Eles pareciam ser um daqueles retratos amarelados que o velho mundo deixou na parede mais suja. Disfarçados como dândis, com seus ternos bem cortados, cabelos engomados e modos afetados, chegaram a fundar um clube que nunca precisou de sede para fazer barulho e espalhar machismo e misoginia: o clube dos cafajestes.
Jovens bem-nascidos, pareciam a cara de um país pronto para se apresentar para o mundo naqueles anos 1940, 1950. Não eram. Fazendo fuzarca, humilhando mulheres, forjaram o protótipo do homem brasileiro, o machão que tudo podia, que usava a mulher como adereço, quando não como saco de pancadas. Dava-se como extintos.
Mas o índice dos agora chamados feminicídios já mostravam que os cafajestes –melhor denominados como covardes – continuam entre nós. Mas esses são a face mais doentia, mais patológica, casos de saúde mental e de polícia. São sujeitos que culpam o ciúme, um modo de buscar alguma justificativa para atos inomináveis .
O que ninguém esperava é que os cafajestes à moda antiga também continuassem por aí, até que o tal Mamãe, Falei – deputado eleito pelo que se anunciava como mais uma face moderna do país – expôs a caricatura que são esses rapazotes, se não bem-nascidos, certamente malcriados, e o desprezo que eles têm não apenas pelas mulheres, mas por qualquer ser humano decente.
“Elas são fáceis porque são pobres”, disse o camarada, revelando mais uma vez o que se esconde sob uma face progressista de quem se apresentava para liderar o país. É o típico caso que uma desculpa não representa nada, porque aquilo saiu como um jorro, mostrando o preconceito latente.
A onda politicamente correta faz isso. Força as pessoas a forçar uma autocensura que em nada é sincera, finge combater o mal sem esconder o rabo. De que adiantam palavras bonitas se a briga interior subsiste?
Brasília, com esse jeitão de cidade do faroeste, com famílias ainda em formação e nenhuma tradição, foi – e talvez ainda seja – um campo fértil para esse tipo de personagem. Os nossos cafajestes nasceram muitas vezes da frustração de não conseguir namorar ninguém sem abrir a carteira e de uma necessidade de se mostrar ativo.
A conversa do tal Mamãe, Falei com os amigos de pelada recorda velhas gírias canalhas de Brasília. “Hoje vou pegar uma o-agá?, diziam os playboyzinhos. Ou: “Hoje é dia de pegar dodó”. E saiam rindo feito hienas se refestelando nas sobras deixadas pelos leões.

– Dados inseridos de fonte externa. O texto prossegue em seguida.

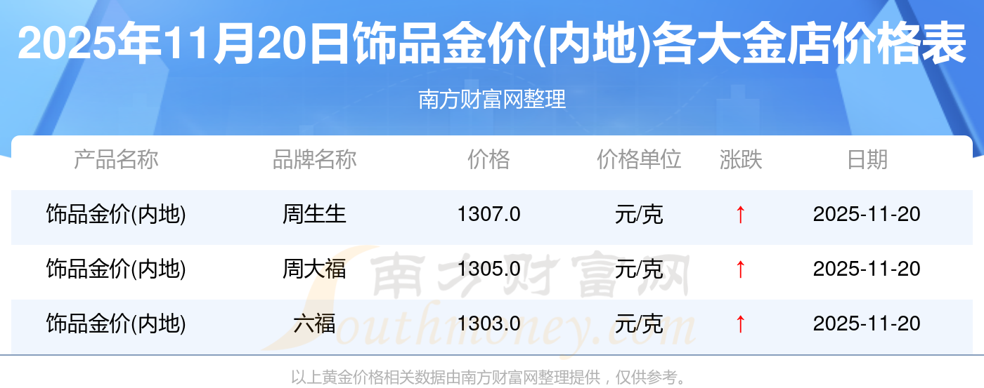2025年11月20日各大金店飾品金價(jià)(內(nèi)地)最新價(jià)格:菜百540.0元/克,菜百540.0元/克,菜百545.0元/克,菜百552.0元/克,菜百1060.0元/克,菜百392.0元/克,菜百1270.0元/克,菜百11.8元/克,老廟1302.0元/克,老廟600.0元/克,老廟1257.0元/克。

‘Dodó’ era o codinome das empregadas domésticas, que naqueles tempos ermos tinham poucas opções de diversão – moravam com patrões, as cidades mais baratas ficavam longe – e se satisfaziam com alguns momentos de canalhice. ‘O-agá’ era uma sigla para origem humilde, mostrando que a pobreza sempre atraiu os canalhas, muito anos antes dessa guerra.
Cafajestes, canalhas, covardes, idiotas, o adjetivo pode variar, mas nenhuma deles alcança inteiramente o desprezo que se deve ter por esse tipo de gente. Não é simplesmente o caso de “cancelar” o perpetrador, como está acontecendo com o deputado, porque o problema é de todos: preconceito sobrevive como barata.